Traditional single-step next-token prediction struggles to capture the global structure inherent in planning-oriented reasoning tasks. This work proposes a multi-token prediction mechanism and demonstrates—through both theoretical analysis and empirical evaluation—that it induces a two-stage backward reasoning process with gradient decoupling properties, yielding clearer training signals that facilitate the learning of interpretable reasoning circuits. Using a simplified two-layer Transformer architecture, the approach is evaluated on synthetic and real-world reasoning benchmarks, including graph pathfinding, the Countdown game, and Boolean satisfiability. Results show that multi-token prediction consistently and significantly outperforms conventional next-token prediction, effectively enhancing the model’s planning capabilities.

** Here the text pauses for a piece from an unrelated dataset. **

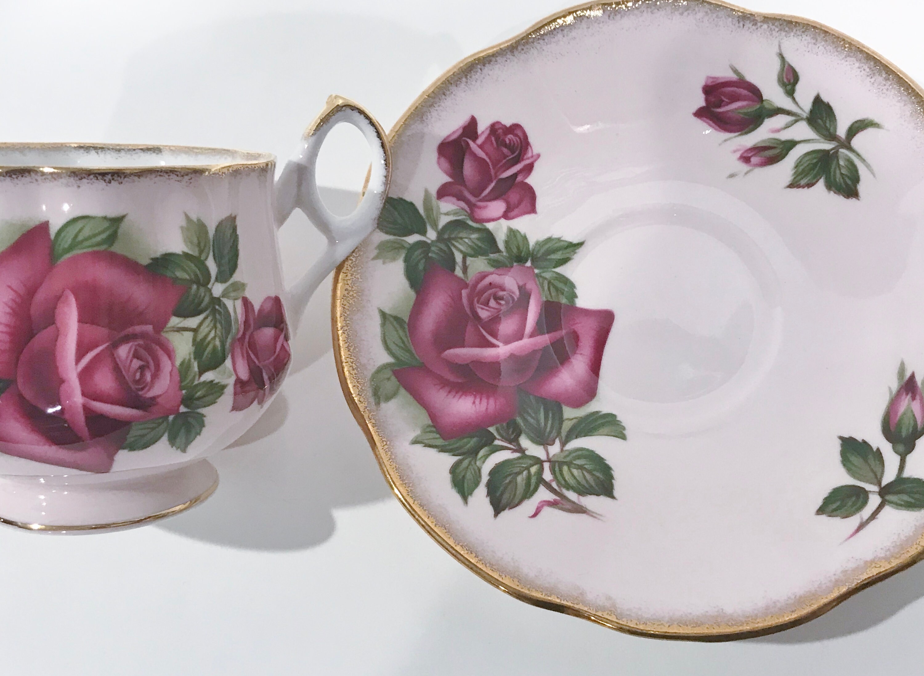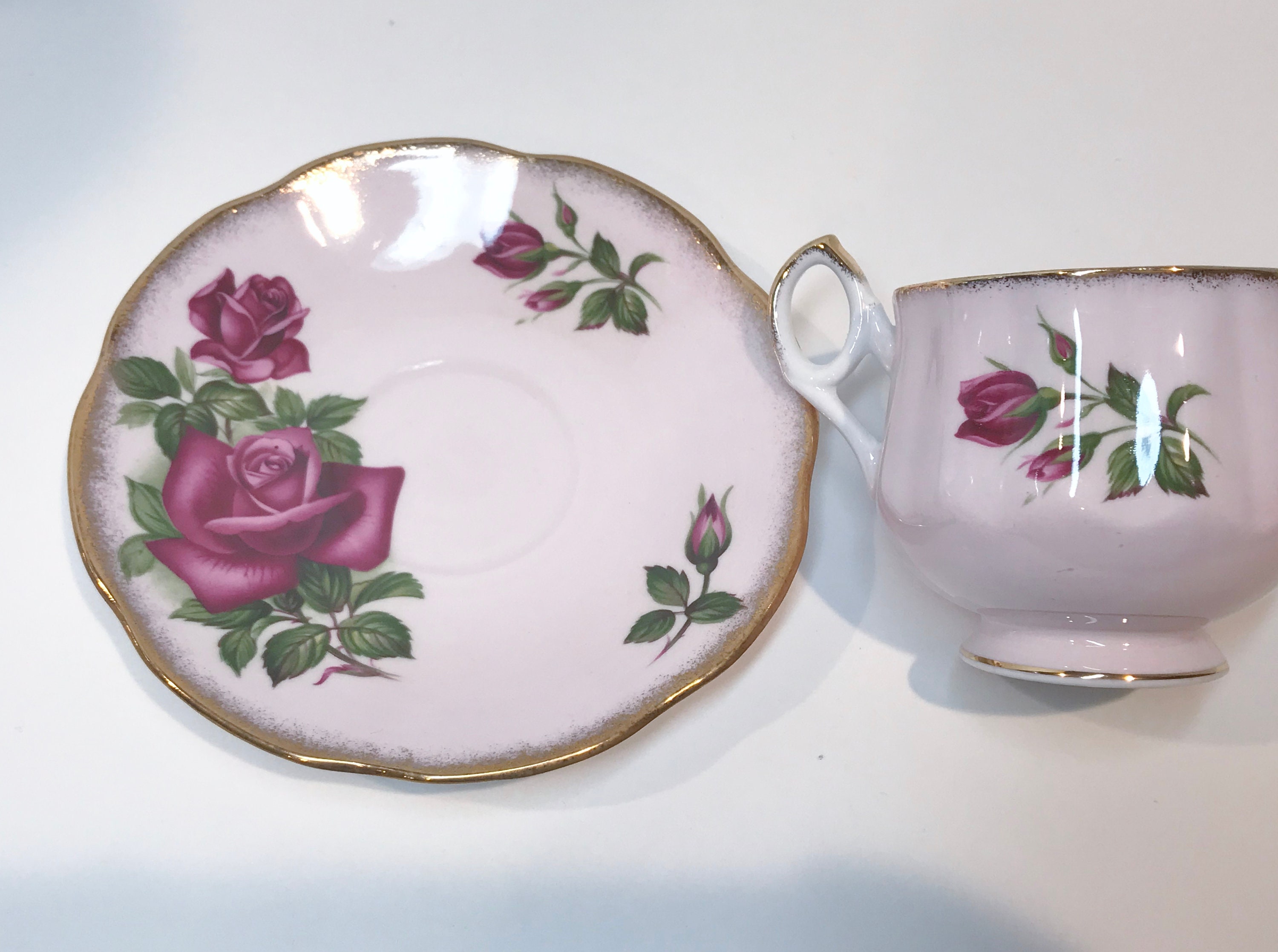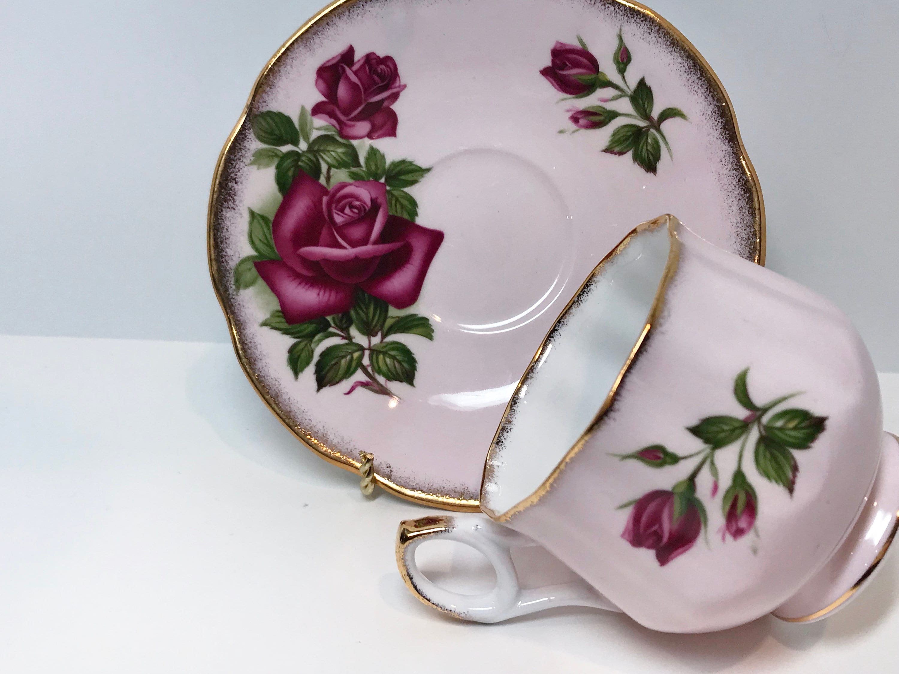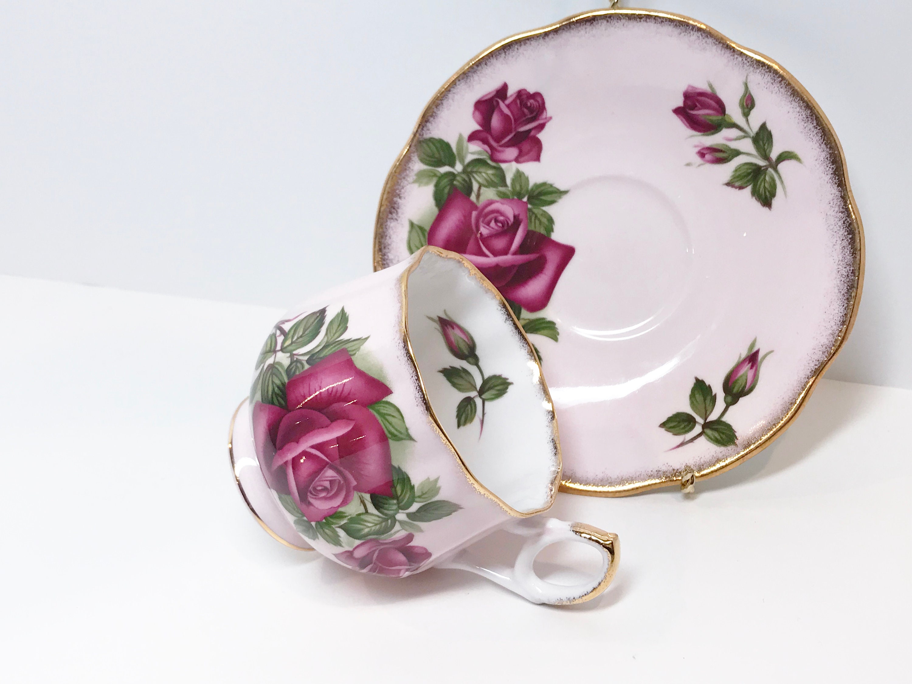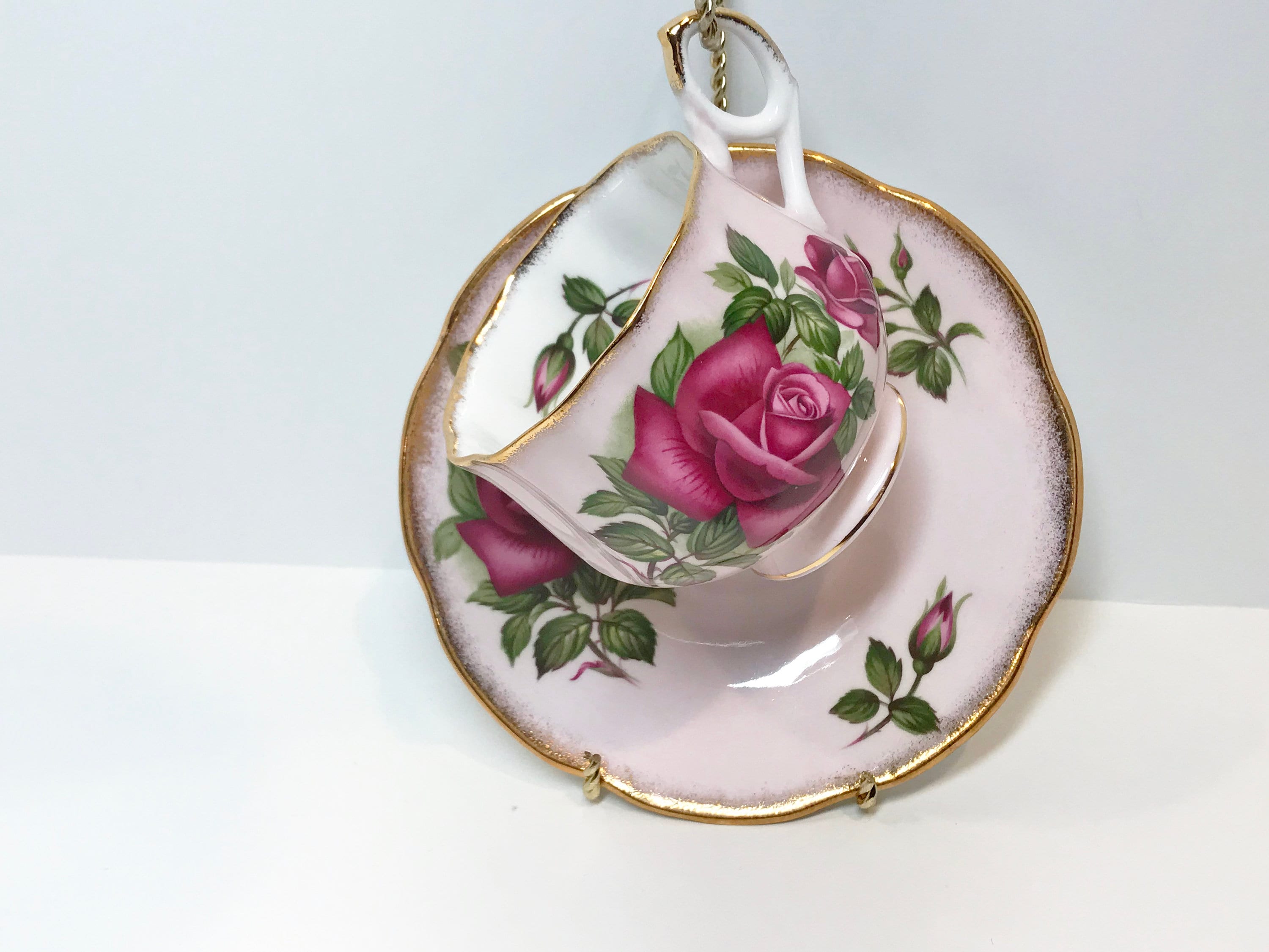 A stunning large rose carries the holder into a romantic setting. The inside has a large rosebud and the pieces are trimmed in gold. Think pink, from the footed cup to the beautiful saucer.

While next-token prediction (NTP) has been the standard objective for training language models, it often struggles to capture global structure in reasoning tasks. Multi-token prediction (MTP) has recently emerged as a promising alternative, yet its underlying mechanisms remain poorly understood. In this paper, we study how MTP facilitates reasoning, with a focus on planning. Empirically, we show that MTP consistently outperforms NTP on both synthetic graph path-finding tasks and more realistic reasoning benchmarks, such as Countdown and boolean satisfiability problems. Theoretically, we analyze a simplified two-layer Transformer on a star graph task. We prove that MTP induces a two-stage reverse reasoning process: the model first attends to the end node and then reconstructs the path by tracing intermediate nodes backward. This behavior arises from a gradient decoupling property of MTP, which provides a cleaner training signal compared to NTP. Ultimately, our results highlight how multi-token objectives inherently bias optimization toward robust and interpretable reasoning circuits.